[Excerpted data — start]
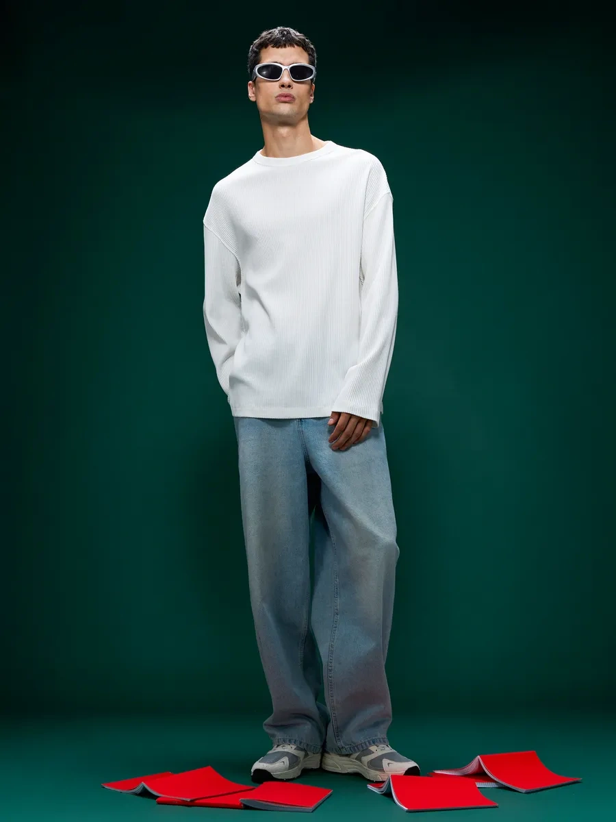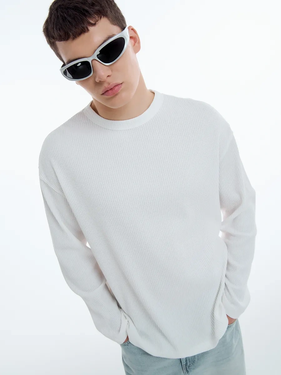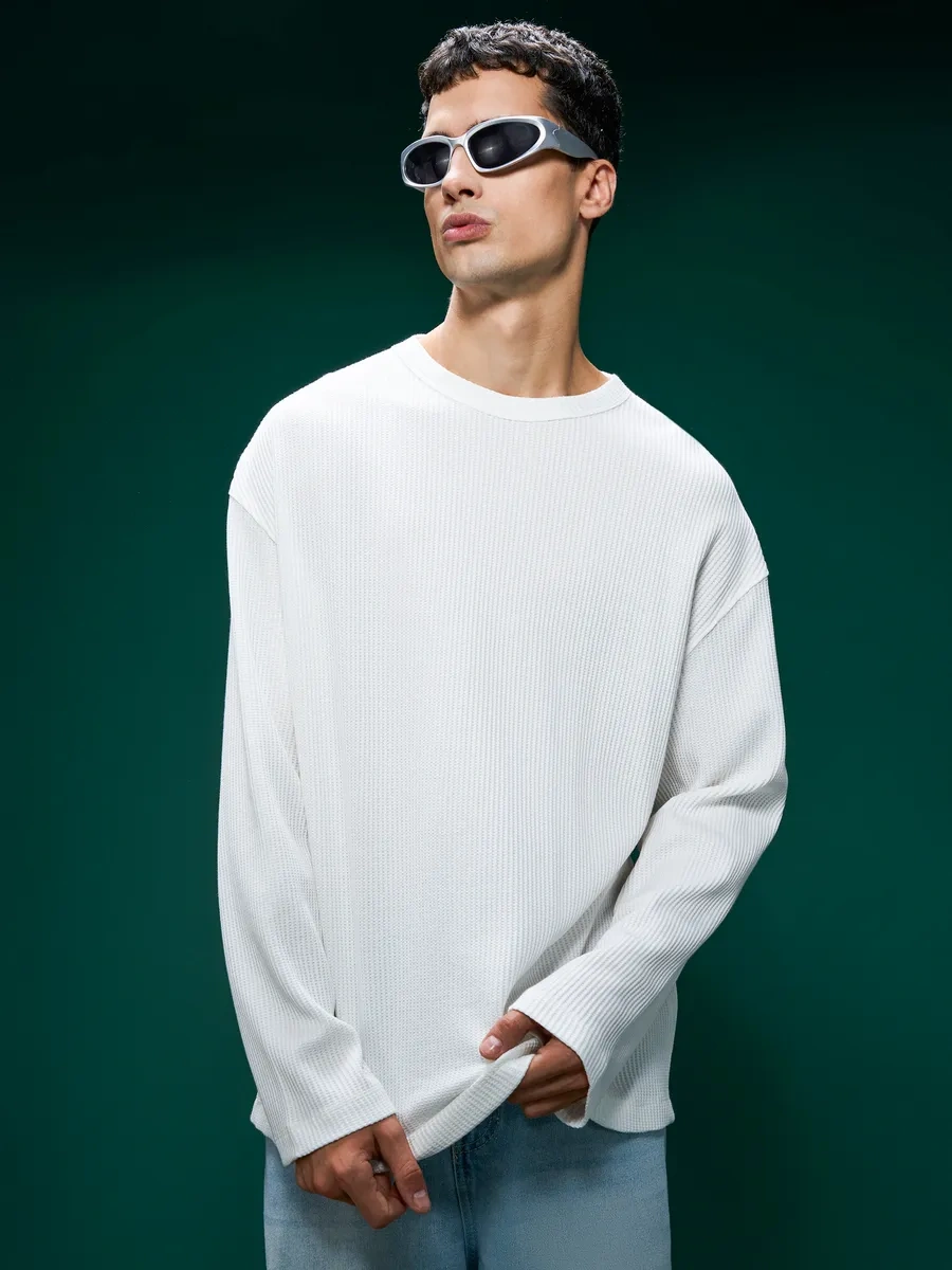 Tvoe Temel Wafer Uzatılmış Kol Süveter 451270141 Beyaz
[Excerpted data — finish]
[Excerpted data — start]
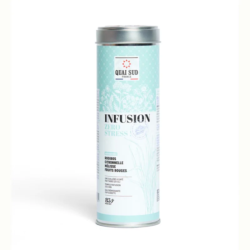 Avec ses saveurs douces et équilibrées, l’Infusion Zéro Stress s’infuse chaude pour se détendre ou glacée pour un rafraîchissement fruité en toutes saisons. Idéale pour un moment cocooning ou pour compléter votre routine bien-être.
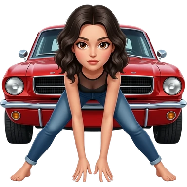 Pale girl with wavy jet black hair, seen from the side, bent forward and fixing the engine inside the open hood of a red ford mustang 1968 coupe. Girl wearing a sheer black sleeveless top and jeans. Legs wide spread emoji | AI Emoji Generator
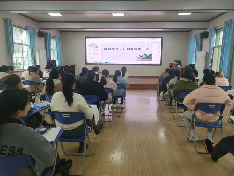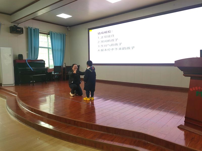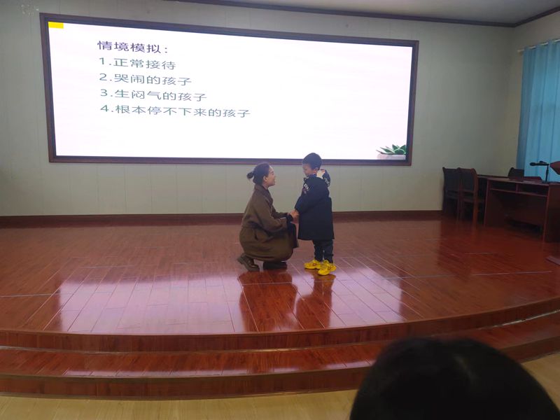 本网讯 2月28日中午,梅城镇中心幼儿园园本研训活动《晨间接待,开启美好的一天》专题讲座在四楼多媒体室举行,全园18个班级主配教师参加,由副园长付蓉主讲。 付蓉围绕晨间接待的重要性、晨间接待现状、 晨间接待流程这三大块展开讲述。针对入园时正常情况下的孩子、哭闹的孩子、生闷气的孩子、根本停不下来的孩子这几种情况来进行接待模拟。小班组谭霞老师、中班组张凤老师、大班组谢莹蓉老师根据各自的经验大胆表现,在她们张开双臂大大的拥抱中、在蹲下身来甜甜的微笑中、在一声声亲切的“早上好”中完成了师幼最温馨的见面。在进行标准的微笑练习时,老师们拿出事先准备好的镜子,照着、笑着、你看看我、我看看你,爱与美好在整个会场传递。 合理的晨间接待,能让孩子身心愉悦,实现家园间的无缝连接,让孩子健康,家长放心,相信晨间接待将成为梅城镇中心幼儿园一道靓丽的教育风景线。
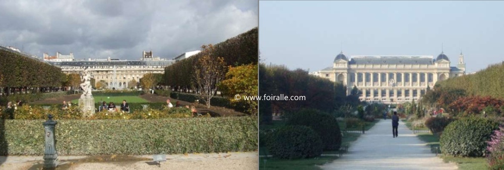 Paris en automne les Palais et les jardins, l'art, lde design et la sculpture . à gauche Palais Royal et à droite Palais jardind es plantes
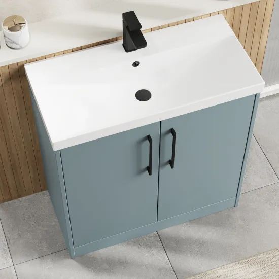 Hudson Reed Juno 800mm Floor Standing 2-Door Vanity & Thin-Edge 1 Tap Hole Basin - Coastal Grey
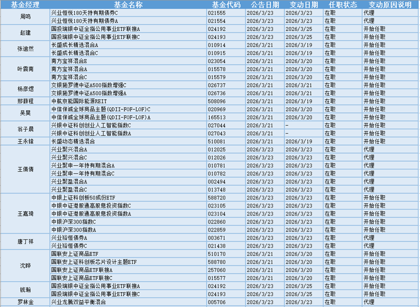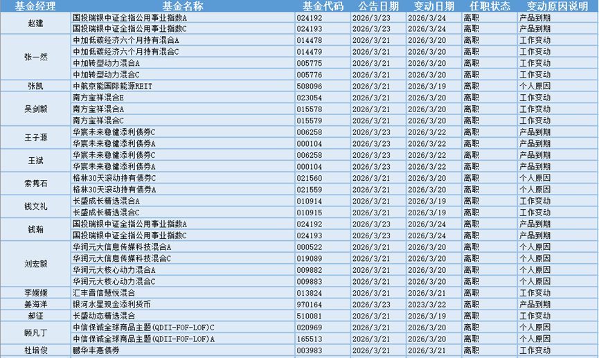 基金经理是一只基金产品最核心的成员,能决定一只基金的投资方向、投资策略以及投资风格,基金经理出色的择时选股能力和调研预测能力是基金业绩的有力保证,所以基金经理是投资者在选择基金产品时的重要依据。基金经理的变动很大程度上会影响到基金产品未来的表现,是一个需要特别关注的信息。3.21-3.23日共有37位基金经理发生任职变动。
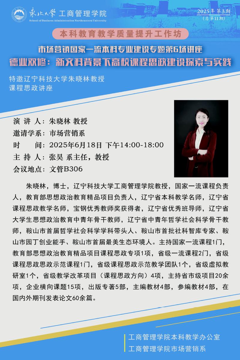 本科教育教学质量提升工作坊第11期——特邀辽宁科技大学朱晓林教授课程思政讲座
[Excerpted data — finish]
With the pictures omitted, restate word for word the lines above from the line that has "Pale girl with" up to and including the line that has "本科教育教学质量提升工作坊第11期——特邀辽宁科技大学朱晓林教授课程思政讲座", and no other lines.

Exercise response:
 Pale girl with wavy jet black hair, seen from the side, bent forward and fixing the engine inside the open hood of a red ford mustang 1968 coupe. Girl wearing a sheer black sleeveless top and jeans. Legs wide spread emoji | AI Emoji Generator
 本网讯 2月28日中午,梅城镇中心幼儿园园本研训活动《晨间接待,开启美好的一天》专题讲座在四楼多媒体室举行,全园18个班级主配教师参加,由副园长付蓉主讲。 付蓉围绕晨间接待的重要性、晨间接待现状、 晨间接待流程这三大块展开讲述。针对入园时正常情况下的孩子、哭闹的孩子、生闷气的孩子、根本停不下来的孩子这几种情况来进行接待模拟。小班组谭霞老师、中班组张凤老师、大班组谢莹蓉老师根据各自的经验大胆表现,在她们张开双臂大大的拥抱中、在蹲下身来甜甜的微笑中、在一声声亲切的“早上好”中完成了师幼最温馨的见面。在进行标准的微笑练习时,老师们拿出事先准备好的镜子,照着、笑着、你看看我、我看看你,爱与美好在整个会场传递。 合理的晨间接待,能让孩子身心愉悦,实现家园间的无缝连接,让孩子健康,家长放心,相信晨间接待将成为梅城镇中心幼儿园一道靓丽的教育风景线。
 Paris en automne les Palais et les jardins, l'art, lde design et la sculpture . à gauche Palais Royal et à droite Palais jardind es plantes
 Hudson Reed Juno 800mm Floor Standing 2-Door Vanity & Thin-Edge 1 Tap Hole Basin - Coastal Grey
 基金经理是一只基金产品最核心的成员,能决定一只基金的投资方向、投资策略以及投资风格,基金经理出色的择时选股能力和调研预测能力是基金业绩的有力保证,所以基金经理是投资者在选择基金产品时的重要依据。基金经理的变动很大程度上会影响到基金产品未来的表现,是一个需要特别关注的信息。3.21-3.23日共有37位基金经理发生任职变动。
 本科教育教学质量提升工作坊第11期——特邀辽宁科技大学朱晓林教授课程思政讲座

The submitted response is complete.